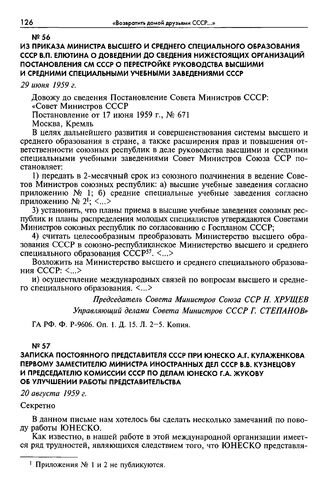 Записка постоянного представителя СССР при ЮНЕСКО А. Г. Кулаженкова первому заместителю министра иностранных дел СССР В. В. Кузнецову и председателю комиссии СССР по делам ЮНЕСКО Г. А. Жукову об улучшении работы представительства. 20 августа 1959 г. Секретно // ГА РФ. Ф. Р-9519. Oп. 2. Д. 14. Л. 46—56. Подлинник.
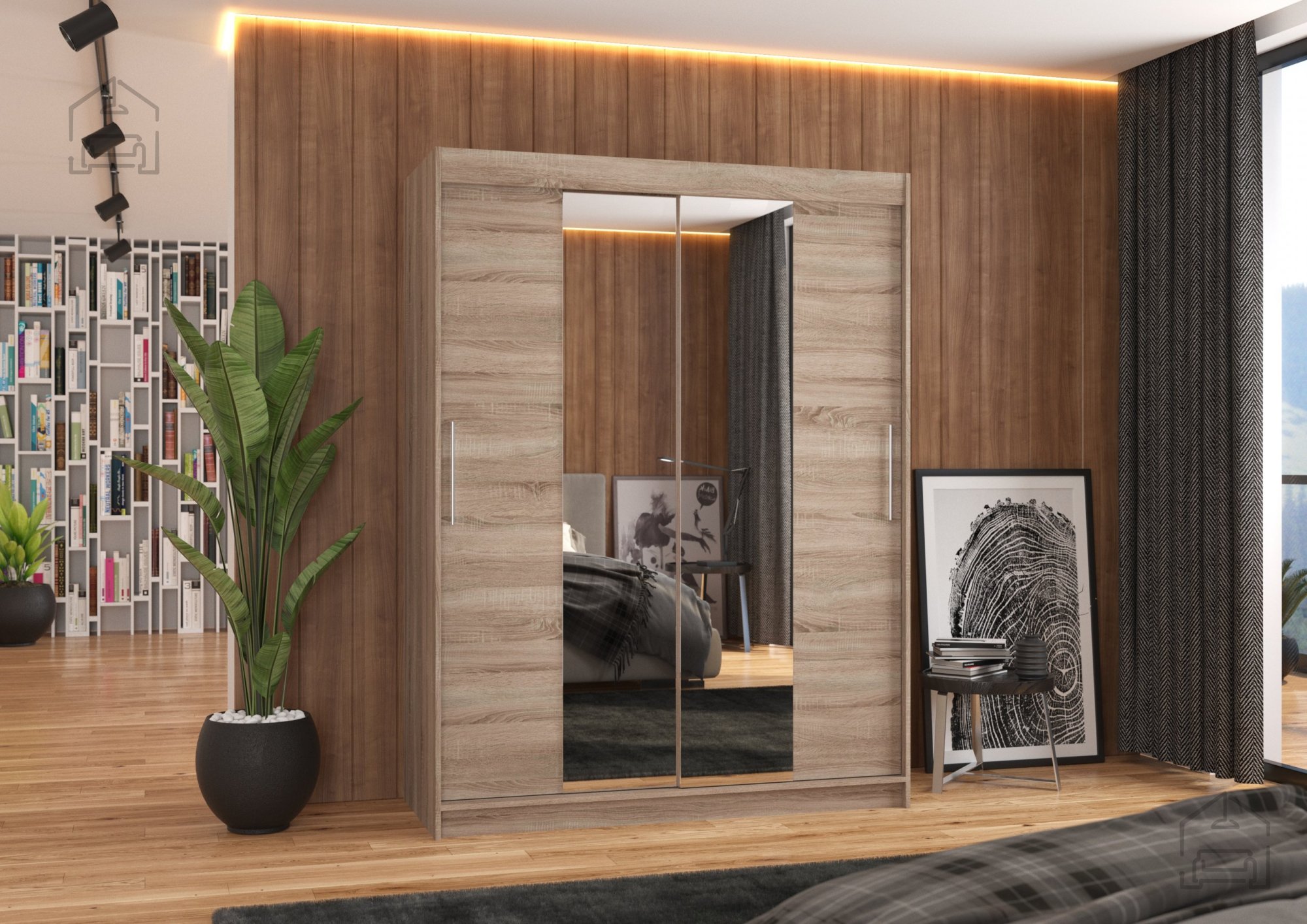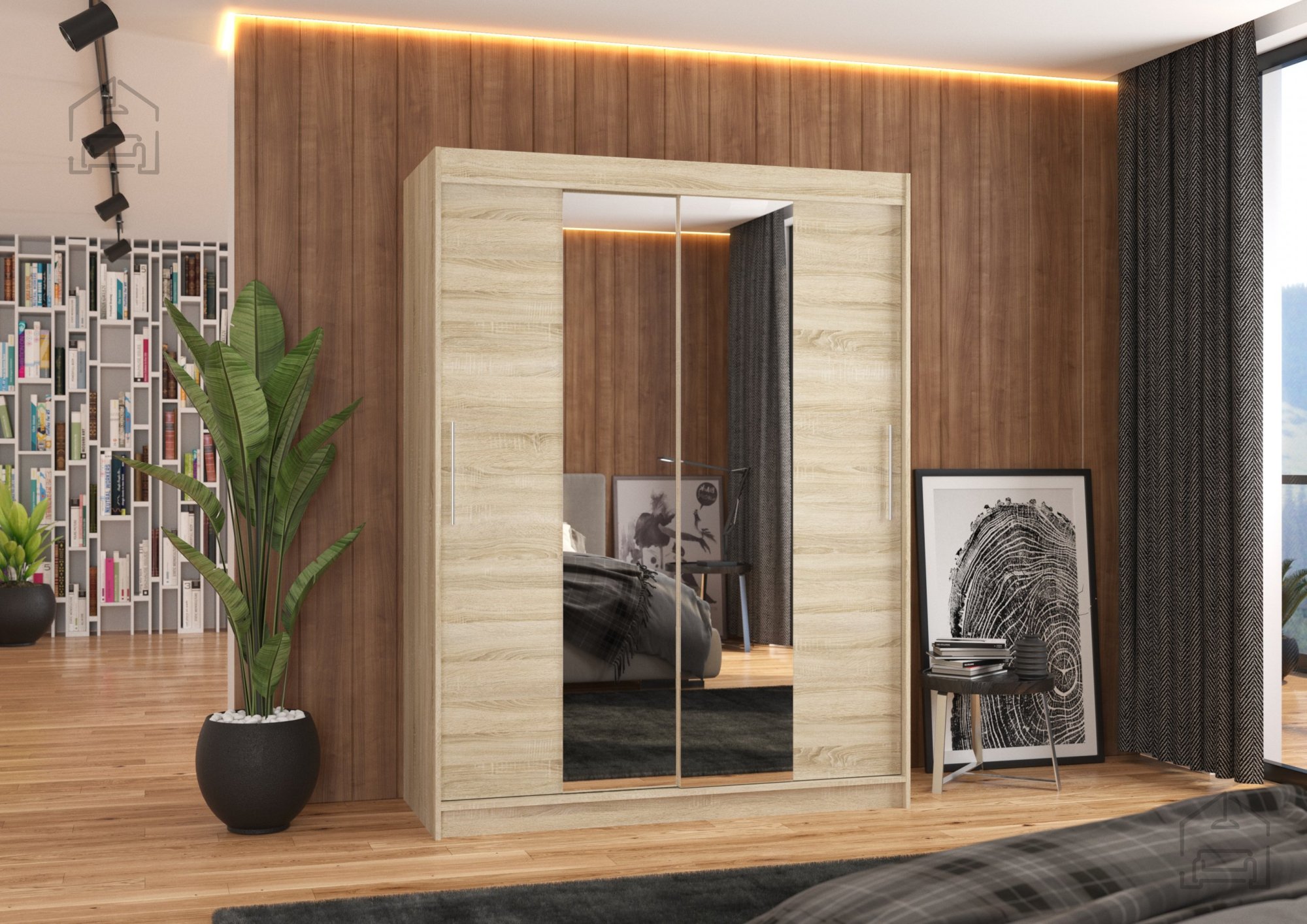 Mit den Maßen 150x58x200 cm nimmt der Schrank genau das richtige Maß an Platz ein und überrascht dennoch mit einem großzügigen Innenraum. Die Schiebetüren sind besonders praktisch – ideal für kleinere Räume, da sie keinen zusätzlichen Platz zum Öffnen benötigen. Zwei Aluminiumführungen sorgen für ein sanftes, geräuschloses Gleiten. Der integrierte Spiegel ist nicht nur ein optisches Highlight, sondern auch äußerst nützlich, da er den Raum größer wirken lässt und einen schnellen Blick auf Ihr Outfit ermöglicht.
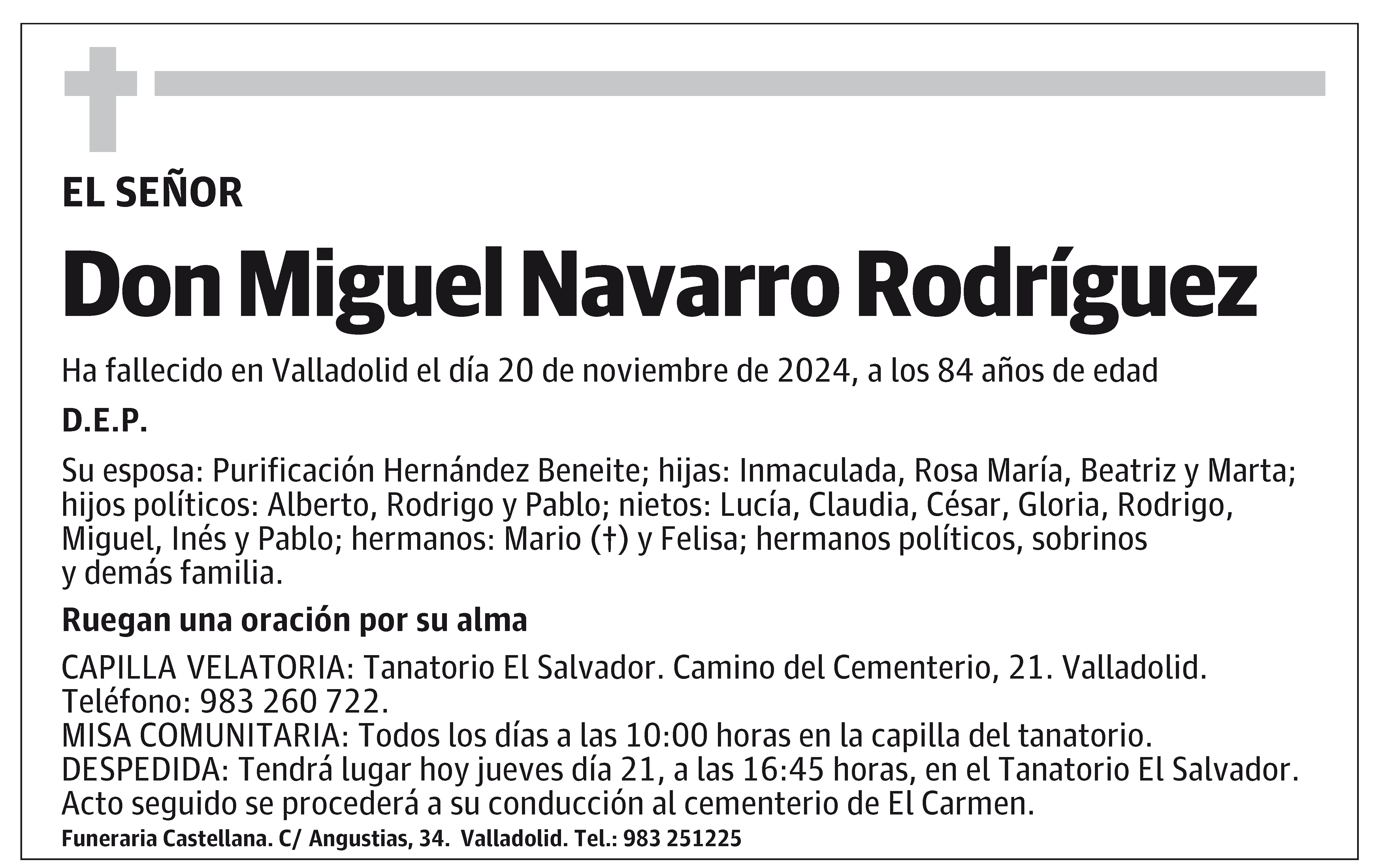 Ha fallecido en Valladolid el día 20 de noviembre de 2024, a los 84 años de edad
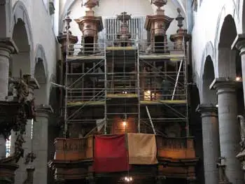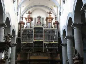 Enfin, en 1881, Pierre Schyven reconstruit à nouveau l’instrument en conservant une partie du matériel ancien. Le nouvel orgue dispose toujours de 38 jeux. Une machine Barker est installée.

## EXERCISE AIM:
The answer should contain all the material above, copied exactly, and no images.

## EXERCISE RESPONSE:
 Записка постоянного представителя СССР при ЮНЕСКО А. Г. Кулаженкова первому заместителю министра иностранных дел СССР В. В. Кузнецову и председателю комиссии СССР по делам ЮНЕСКО Г. А. Жукову об улучшении работы представительства. 20 августа 1959 г. Секретно // ГА РФ. Ф. Р-9519. Oп. 2. Д. 14. Л. 46—56. Подлинник.
 Mit den Maßen 150x58x200 cm nimmt der Schrank genau das richtige Maß an Platz ein und überrascht dennoch mit einem großzügigen Innenraum. Die Schiebetüren sind besonders praktisch – ideal für kleinere Räume, da sie keinen zusätzlichen Platz zum Öffnen benötigen. Zwei Aluminiumführungen sorgen für ein sanftes, geräuschloses Gleiten. Der integrierte Spiegel ist nicht nur ein optisches Highlight, sondern auch äußerst nützlich, da er den Raum größer wirken lässt und einen schnellen Blick auf Ihr Outfit ermöglicht.
 Ha fallecido en Valladolid el día 20 de noviembre de 2024, a los 84 años de edad
 Enfin, en 1881, Pierre Schyven reconstruit à nouveau l’instrument en conservant une partie du matériel ancien. Le nouvel orgue dispose toujours de 38 jeux. Une machine Barker est installée.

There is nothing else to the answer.